Work instruction: Using the records below, transcribe word for word the stretch from the line that contains "Таким образом, ключевым" through the line that contains "华东师范大学2005年考研真题-综合日语(2)", both end lines included, and nothing else.

Data excerpts:
***

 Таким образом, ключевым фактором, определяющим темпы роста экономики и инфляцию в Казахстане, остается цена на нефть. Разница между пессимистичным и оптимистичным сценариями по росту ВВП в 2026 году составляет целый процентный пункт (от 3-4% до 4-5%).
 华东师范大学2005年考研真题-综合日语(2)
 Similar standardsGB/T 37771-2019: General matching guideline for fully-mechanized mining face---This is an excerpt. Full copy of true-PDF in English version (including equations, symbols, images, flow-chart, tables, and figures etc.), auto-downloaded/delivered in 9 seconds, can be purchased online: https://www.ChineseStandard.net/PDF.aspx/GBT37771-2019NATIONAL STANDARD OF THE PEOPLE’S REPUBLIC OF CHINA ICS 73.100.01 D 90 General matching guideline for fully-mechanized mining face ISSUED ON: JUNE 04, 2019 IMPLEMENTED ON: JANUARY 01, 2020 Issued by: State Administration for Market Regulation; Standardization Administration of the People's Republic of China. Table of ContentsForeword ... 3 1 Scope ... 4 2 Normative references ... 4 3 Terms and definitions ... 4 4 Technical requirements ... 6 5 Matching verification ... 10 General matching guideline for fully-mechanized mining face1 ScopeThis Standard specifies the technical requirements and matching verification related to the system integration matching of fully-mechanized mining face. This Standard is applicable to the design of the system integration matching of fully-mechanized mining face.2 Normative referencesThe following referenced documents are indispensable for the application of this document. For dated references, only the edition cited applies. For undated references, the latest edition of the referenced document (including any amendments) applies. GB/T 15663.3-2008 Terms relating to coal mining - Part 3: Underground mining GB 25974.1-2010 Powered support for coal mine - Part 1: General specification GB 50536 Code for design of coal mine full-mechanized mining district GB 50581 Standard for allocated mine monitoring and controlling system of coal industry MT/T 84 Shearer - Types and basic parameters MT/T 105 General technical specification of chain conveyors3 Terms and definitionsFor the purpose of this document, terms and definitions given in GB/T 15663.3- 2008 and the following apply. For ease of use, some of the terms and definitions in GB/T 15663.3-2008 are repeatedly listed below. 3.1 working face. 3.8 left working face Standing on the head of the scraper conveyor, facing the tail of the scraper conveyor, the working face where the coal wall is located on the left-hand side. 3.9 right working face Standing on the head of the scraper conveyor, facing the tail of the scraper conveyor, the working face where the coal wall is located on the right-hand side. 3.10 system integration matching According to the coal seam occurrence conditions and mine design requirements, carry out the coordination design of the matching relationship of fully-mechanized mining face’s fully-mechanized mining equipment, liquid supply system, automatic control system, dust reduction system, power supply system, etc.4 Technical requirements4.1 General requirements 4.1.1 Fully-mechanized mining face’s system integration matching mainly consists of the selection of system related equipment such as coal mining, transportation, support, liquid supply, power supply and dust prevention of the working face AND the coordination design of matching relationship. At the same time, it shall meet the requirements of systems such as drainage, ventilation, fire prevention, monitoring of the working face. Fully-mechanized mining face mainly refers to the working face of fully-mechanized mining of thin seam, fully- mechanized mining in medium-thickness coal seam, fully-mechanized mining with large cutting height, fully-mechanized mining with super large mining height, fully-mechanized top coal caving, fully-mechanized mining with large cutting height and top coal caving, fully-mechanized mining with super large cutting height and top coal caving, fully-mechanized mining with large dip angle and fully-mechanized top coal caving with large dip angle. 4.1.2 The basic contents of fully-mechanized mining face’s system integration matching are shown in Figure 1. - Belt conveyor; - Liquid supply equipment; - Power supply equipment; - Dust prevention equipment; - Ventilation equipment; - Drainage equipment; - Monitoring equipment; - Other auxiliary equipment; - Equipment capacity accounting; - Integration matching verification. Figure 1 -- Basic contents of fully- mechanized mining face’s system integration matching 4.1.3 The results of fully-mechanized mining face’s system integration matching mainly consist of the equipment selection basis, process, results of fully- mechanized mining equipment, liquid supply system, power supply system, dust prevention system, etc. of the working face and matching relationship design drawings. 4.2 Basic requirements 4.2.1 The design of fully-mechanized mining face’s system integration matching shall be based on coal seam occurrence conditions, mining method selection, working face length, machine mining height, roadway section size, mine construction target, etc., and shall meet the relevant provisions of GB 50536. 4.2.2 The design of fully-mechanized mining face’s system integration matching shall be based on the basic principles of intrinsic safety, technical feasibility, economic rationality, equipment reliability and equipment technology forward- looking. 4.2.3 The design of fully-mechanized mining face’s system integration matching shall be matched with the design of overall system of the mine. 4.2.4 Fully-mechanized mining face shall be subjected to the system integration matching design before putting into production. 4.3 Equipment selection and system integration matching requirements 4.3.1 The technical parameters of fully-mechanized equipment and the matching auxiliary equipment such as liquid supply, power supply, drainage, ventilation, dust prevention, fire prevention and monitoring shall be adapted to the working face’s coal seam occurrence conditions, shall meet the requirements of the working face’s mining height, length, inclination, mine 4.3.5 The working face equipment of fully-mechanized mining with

***

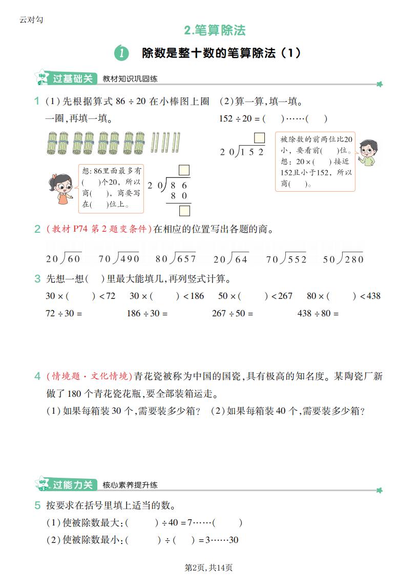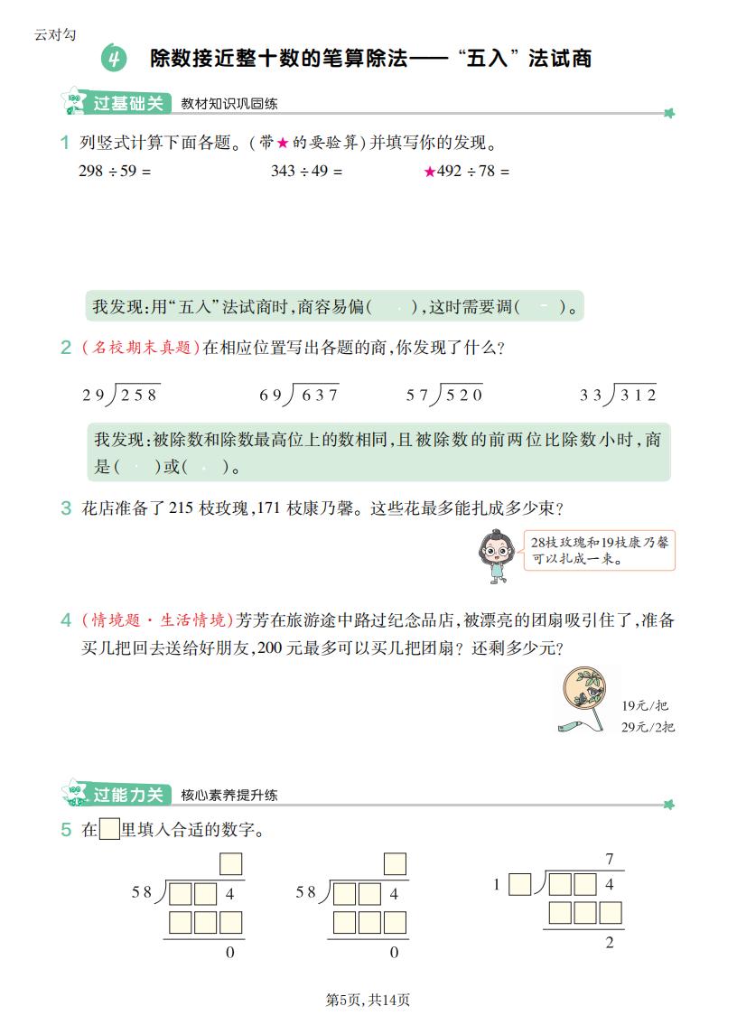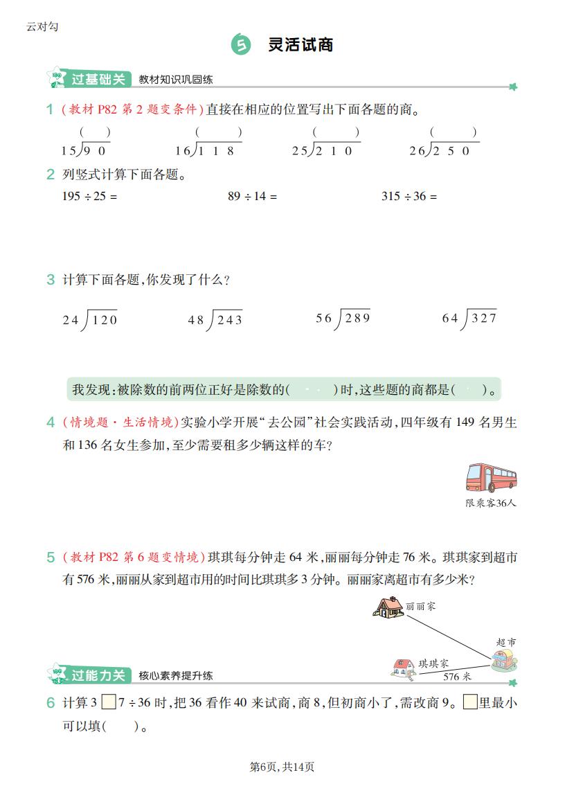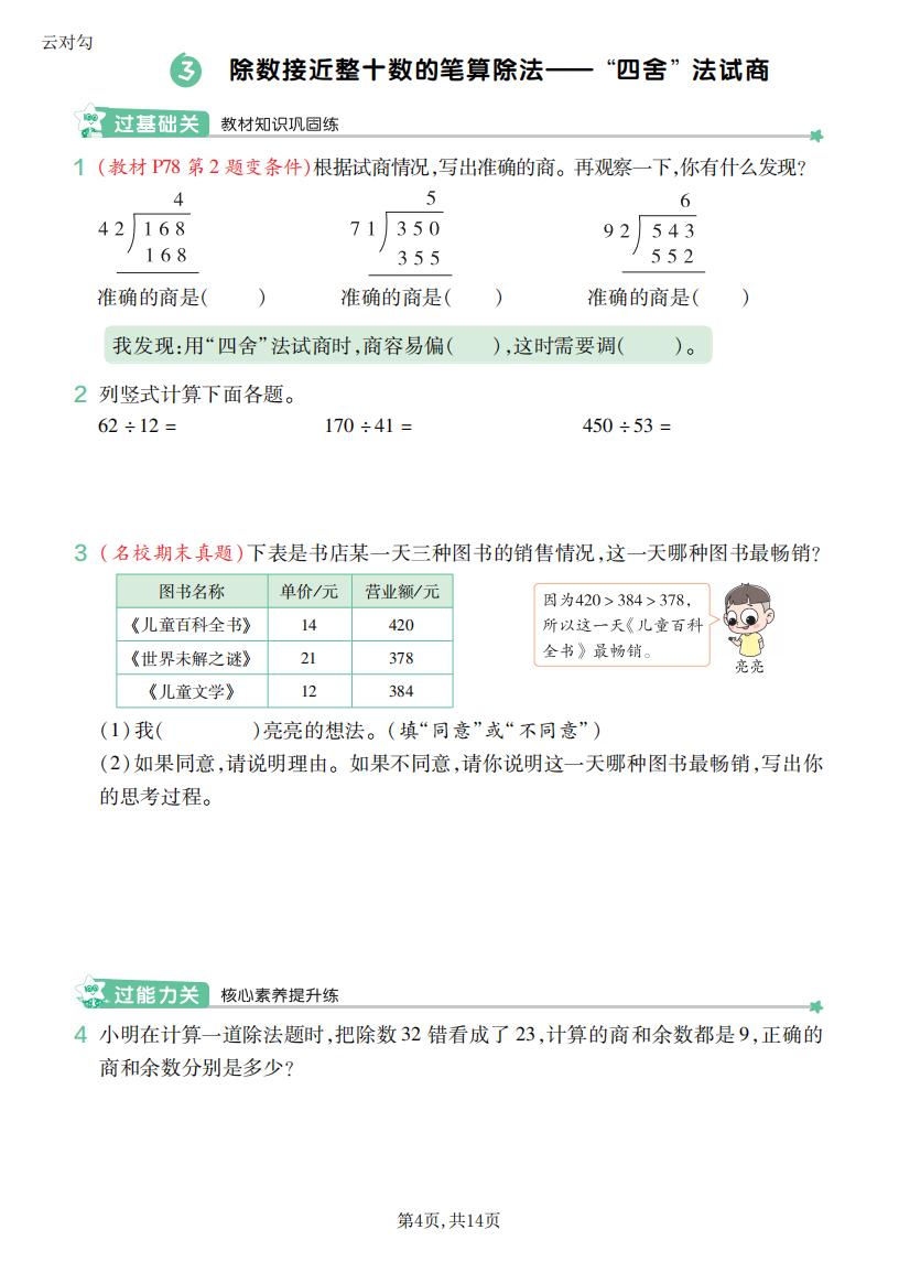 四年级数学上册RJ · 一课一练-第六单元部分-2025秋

***

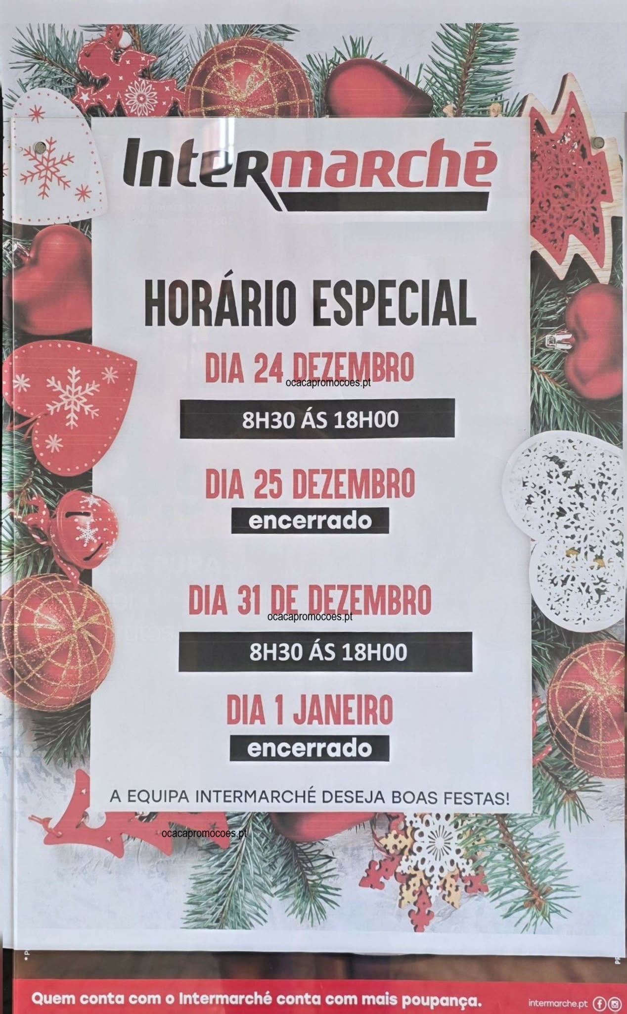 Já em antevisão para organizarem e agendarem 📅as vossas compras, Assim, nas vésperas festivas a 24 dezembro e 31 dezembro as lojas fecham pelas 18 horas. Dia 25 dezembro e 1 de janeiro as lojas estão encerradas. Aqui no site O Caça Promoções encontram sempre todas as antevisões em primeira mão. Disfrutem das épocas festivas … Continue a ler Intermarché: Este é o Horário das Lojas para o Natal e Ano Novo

***

Your solution:
 Таким образом, ключевым фактором, определяющим темпы роста экономики и инфляцию в Казахстане, остается цена на нефть. Разница между пессимистичным и оптимистичным сценариями по росту ВВП в 2026 году составляет целый процентный пункт (от 3-4% до 4-5%).
 华东师范大学2005年考研真题-综合日语(2)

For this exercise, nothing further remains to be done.